• WHAT IS BEING ASKED
From the first line to the last, transcribe the data exactly and skip the pictures.

• GIVEN RECORDS
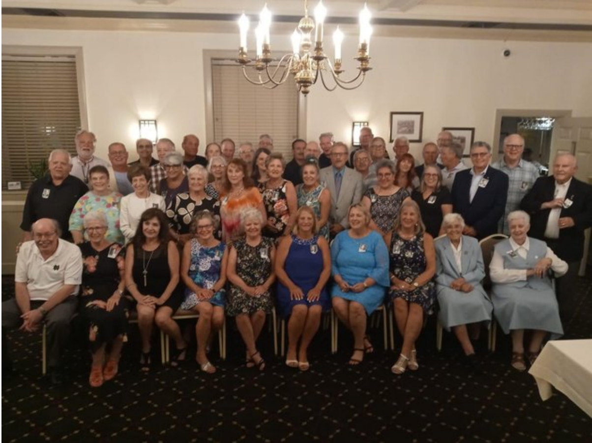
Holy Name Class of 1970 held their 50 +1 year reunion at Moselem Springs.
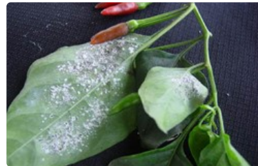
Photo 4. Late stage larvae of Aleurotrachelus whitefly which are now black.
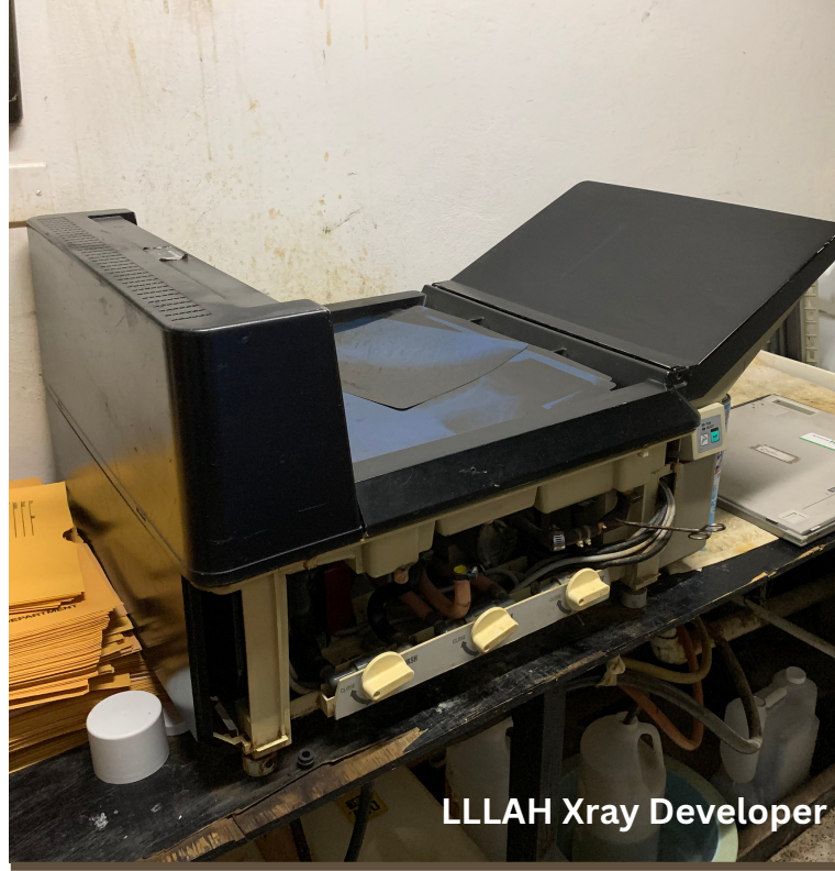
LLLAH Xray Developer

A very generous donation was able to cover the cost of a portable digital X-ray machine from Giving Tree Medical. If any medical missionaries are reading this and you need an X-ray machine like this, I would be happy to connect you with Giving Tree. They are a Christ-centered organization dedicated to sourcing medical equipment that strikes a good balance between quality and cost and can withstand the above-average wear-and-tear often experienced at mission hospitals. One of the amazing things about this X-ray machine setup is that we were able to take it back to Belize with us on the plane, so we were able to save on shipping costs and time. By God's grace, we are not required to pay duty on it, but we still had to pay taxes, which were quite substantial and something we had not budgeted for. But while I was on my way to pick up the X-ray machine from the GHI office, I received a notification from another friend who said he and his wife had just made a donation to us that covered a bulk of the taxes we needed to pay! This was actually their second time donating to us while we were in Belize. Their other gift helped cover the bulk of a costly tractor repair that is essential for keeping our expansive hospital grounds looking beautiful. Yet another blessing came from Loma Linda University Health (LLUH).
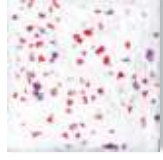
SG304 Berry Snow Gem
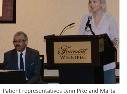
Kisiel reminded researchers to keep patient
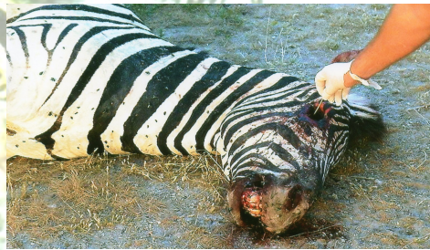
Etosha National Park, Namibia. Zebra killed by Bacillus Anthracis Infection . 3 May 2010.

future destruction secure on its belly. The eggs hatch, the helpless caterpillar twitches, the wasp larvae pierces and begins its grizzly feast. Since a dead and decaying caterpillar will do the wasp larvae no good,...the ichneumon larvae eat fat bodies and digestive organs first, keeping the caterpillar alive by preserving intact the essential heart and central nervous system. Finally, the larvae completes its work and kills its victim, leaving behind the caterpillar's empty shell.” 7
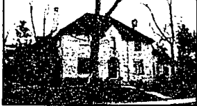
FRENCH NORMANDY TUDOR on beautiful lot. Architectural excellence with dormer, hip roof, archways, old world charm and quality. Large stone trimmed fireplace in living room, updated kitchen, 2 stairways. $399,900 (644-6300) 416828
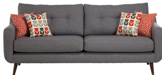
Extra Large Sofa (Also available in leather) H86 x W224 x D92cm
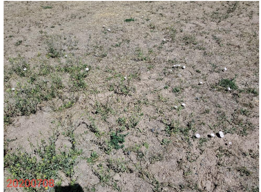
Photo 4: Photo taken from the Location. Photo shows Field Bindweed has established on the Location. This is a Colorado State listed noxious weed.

• ANSWER TO THIS TASK
Holy Name Class of 1970 held their 50 +1 year reunion at Moselem Springs.
Photo 4. Late stage larvae of Aleurotrachelus whitefly which are now black.
LLLAH Xray Developer

A very generous donation was able to cover the cost of a portable digital X-ray machine from Giving Tree Medical. If any medical missionaries are reading this and you need an X-ray machine like this, I would be happy to connect you with Giving Tree. They are a Christ-centered organization dedicated to sourcing medical equipment that strikes a good balance between quality and cost and can withstand the above-average wear-and-tear often experienced at mission hospitals. One of the amazing things about this X-ray machine setup is that we were able to take it back to Belize with us on the plane, so we were able to save on shipping costs and time. By God's grace, we are not required to pay duty on it, but we still had to pay taxes, which were quite substantial and something we had not budgeted for. But while I was on my way to pick up the X-ray machine from the GHI office, I received a notification from another friend who said he and his wife had just made a donation to us that covered a bulk of the taxes we needed to pay! This was actually their second time donating to us while we were in Belize. Their other gift helped cover the bulk of a costly tractor repair that is essential for keeping our expansive hospital grounds looking beautiful. Yet another blessing came from Loma Linda University Health (LLUH).
SG304 Berry Snow Gem
Kisiel reminded researchers to keep patient
Etosha National Park, Namibia. Zebra killed by Bacillus Anthracis Infection . 3 May 2010.

future destruction secure on its belly. The eggs hatch, the helpless caterpillar twitches, the wasp larvae pierces and begins its grizzly feast. Since a dead and decaying caterpillar will do the wasp larvae no good,...the ichneumon larvae eat fat bodies and digestive organs first, keeping the caterpillar alive by preserving intact the essential heart and central nervous system. Finally, the larvae completes its work and kills its victim, leaving behind the caterpillar's empty shell.” 7
FRENCH NORMANDY TUDOR on beautiful lot. Architectural excellence with dormer, hip roof, archways, old world charm and quality. Large stone trimmed fireplace in living room, updated kitchen, 2 stairways. $399,900 (644-6300) 416828
Extra Large Sofa (Also available in leather) H86 x W224 x D92cm
Photo 4: Photo taken from the Location. Photo shows Field Bindweed has established on the Location. This is a Colorado State listed noxious weed.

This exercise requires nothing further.